İstanbul Büyükşehir Belediyesi’nin adil, şeffaf ve hesap verebilen bir belediye olması mümkün mü, açıkçası söylemek zor. Birçok belediyenin şeffaflık iddiasıyla uygulamaya koyduğu çalışmaların hep “sonuç” odaklı olduğunu görüyoruz. İhtiyaçların tespitinin merkezden yapılması ve tabi dolayısıyla bütçelendirmenin ve önceliklerin belirlenmesinin de merkezden yapılması şeffaf bir belediyecilik anlayışından bizi uzak düşürüyor. Katılımcı karar alma mekanizmasının yerleştirilmesine bu parkı nereye yapacağız sorusundan önce bu parka ihtiyacınız var mı sorusuyla başlamalı. Biz buraya bu kadarlık yatırım yaptık açıklamasından önce bütçemizin yüzde 5’ini bu projeye ayırmak istiyoruz, sizce uygun mudursorusunu sormalı.
İstanbul gibi bir şehre edilen ihaneti sadece belediye üzerinden açıklamak da elbette yetersiz kalıyor. Merkez-yerel iş birliğiyle Kuzey Marmara’dan Validebağ’a, Gezi Parkı’ndan Kanal İstanbul’a onlarca gündemle boğuşan İstanbul için hiç ders alınmadı ve muhtemelen alınmayacak.
Sonuç yerine
Birkaç çözüm önerisi yazmak gerekiyor, her biri aslında bizim neler talep edeceğimizle ilgili. Şeffaflık ve hesap verebilirliği talep etmeliyiz. Belediyeler zaten halihazırda mali raporlarını, bütçelerini, faaliyet raporlarını ve hatta birçoğu meclis toplantılarını paylaşıyor. Giderek daha çok belediye e-belediye uygulamalarıyla birçok çalışmasını kamuya açık şekilde paylaşıyor. Beklentimiz ise belediyelerin kent planlama ve karar alma süreçlerine katılımı artırması, yerel halkın ihtiyaçlarını ve taleplerini dikkate alması. Katılımcı planlama ile sivil toplum kuruluşları, yerel yönetimler, akademisyenler ve yerel halkın bir araya gelerek kentin geleceği üzerinde ortak bir vizyon oluşturmasını sağlanmalı. Bu süreçte, karar alma süreçlerine katılan paydaşlar, kentin planlanmasında ve geliştirilmesinde aktif bir rol oynamalı.
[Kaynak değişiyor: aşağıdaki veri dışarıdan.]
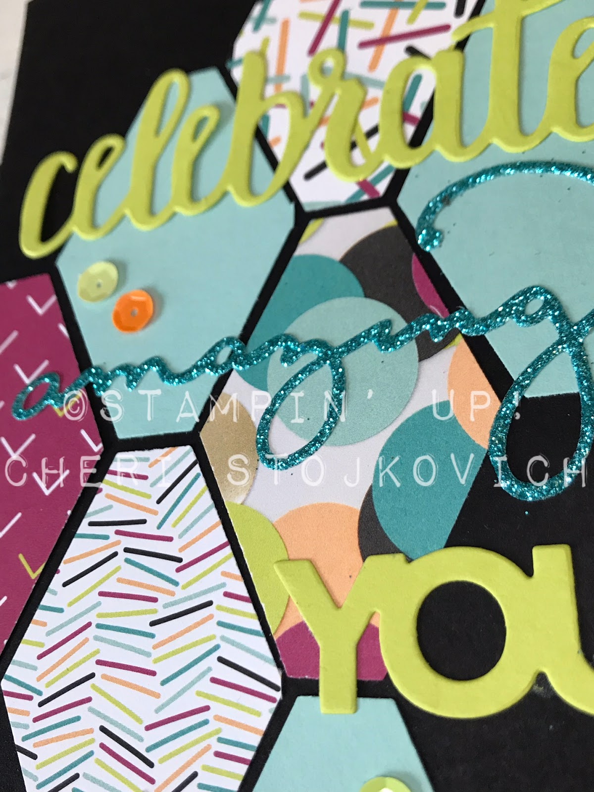 One of the cards I kept to the green and yellow sequins (love them) because many of us are done with winter and most of the cards we made this month were floral. I felt this one would be easily one you could give to any man in your life. I know the Father’s Day suite this year doesn’t appeal to all – but don’t skip by the Tailored Tag punch – as you can see here – it is so much fun to play with!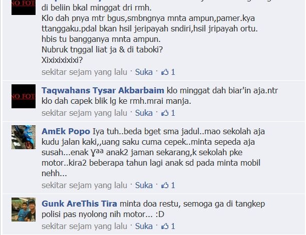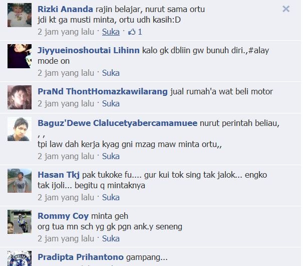 minta motor sih syah syah saja, selama orang tua mampu dan dah 17 tahun punya SIM,,,TAPI KALAU ALAY< NGGAK PUNYA SIM< MAKSA ORANG TUA SAMPE NGANCAM BUNUH DIRI dan lain lain,,,,,,??? DURHAKA !!!!!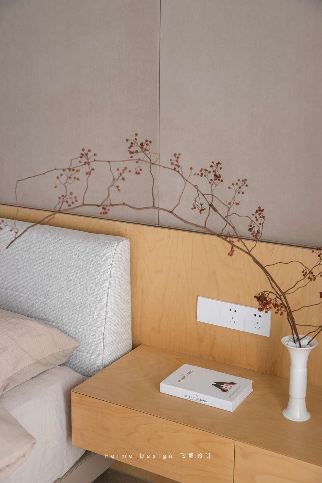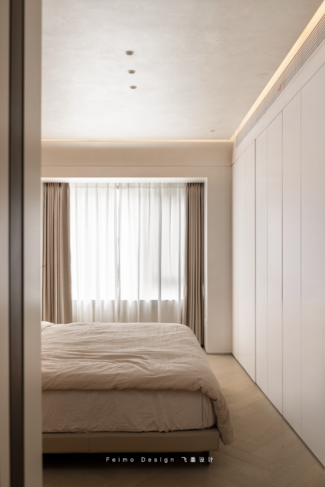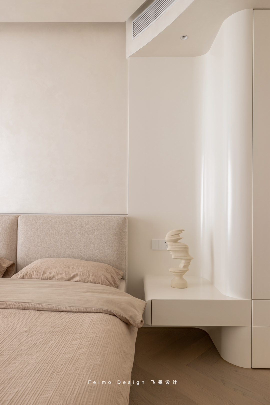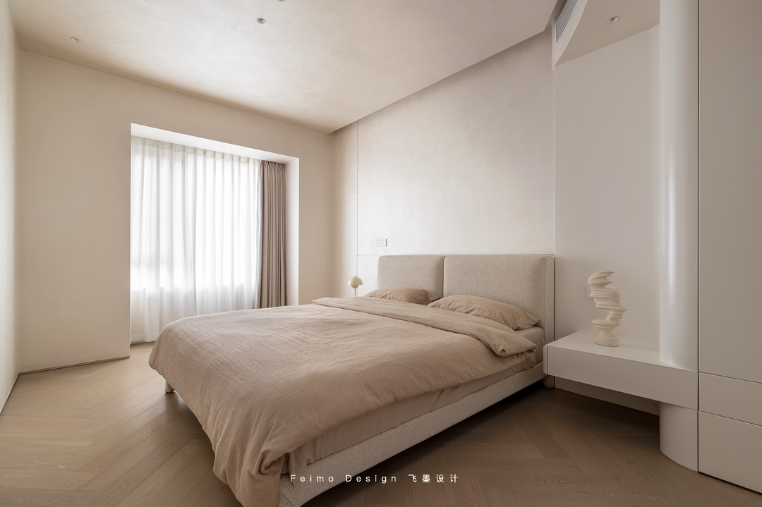 主卧延续空间的配色,以温柔的奶咖搭配木色诠释家居的治愈力;拆除飘窗,扩大室内的面积;床尾定制一整排衣柜,一门到顶的设计搭配铣槽拉手构建极简美学。

Halkın belediyecilik süreçleri ve kent planlaması konusunda bilinçlendirilmesi de elbette önemli. Eğitim ve farkındalık programları aracılığıyla yerel halkın kentlerinin gelişimine katkı sağlama potansiyeli ortaya çıkarılabilir. Bu tür programlar, vatandaşların kentlerindeki sorunların kökenini anlamalarına ve çözüm süreçlerine aktif olarak katılmalarına olanak tanır. Özellikle kendi mahallem gibi emekli halkı çoğunlukta olan mahallelerde bu tarz çalışmalar çok etkili olma potansiyeli taşıyor.
Türkiye’de belediyecilik anlayışının ve uygulamalarının düzelmesi, şeffaf ve katılımcı bir yönetim anlayışının benimsenmesine bağlı. 2024 yerel seçimleri, Türkiye’nin kentlerinin geleceğini çok etkiler mi, tahmin etmek zor. Ancak taleplerimizi artırmak ve güçlendirmek her zaman gerekli. Ancak bu şekilde Türkiye’nin kentlerinin yaşanabilir, sürdürülebilir ve adil bir şekilde yönetilmesinin yolu açılabilir.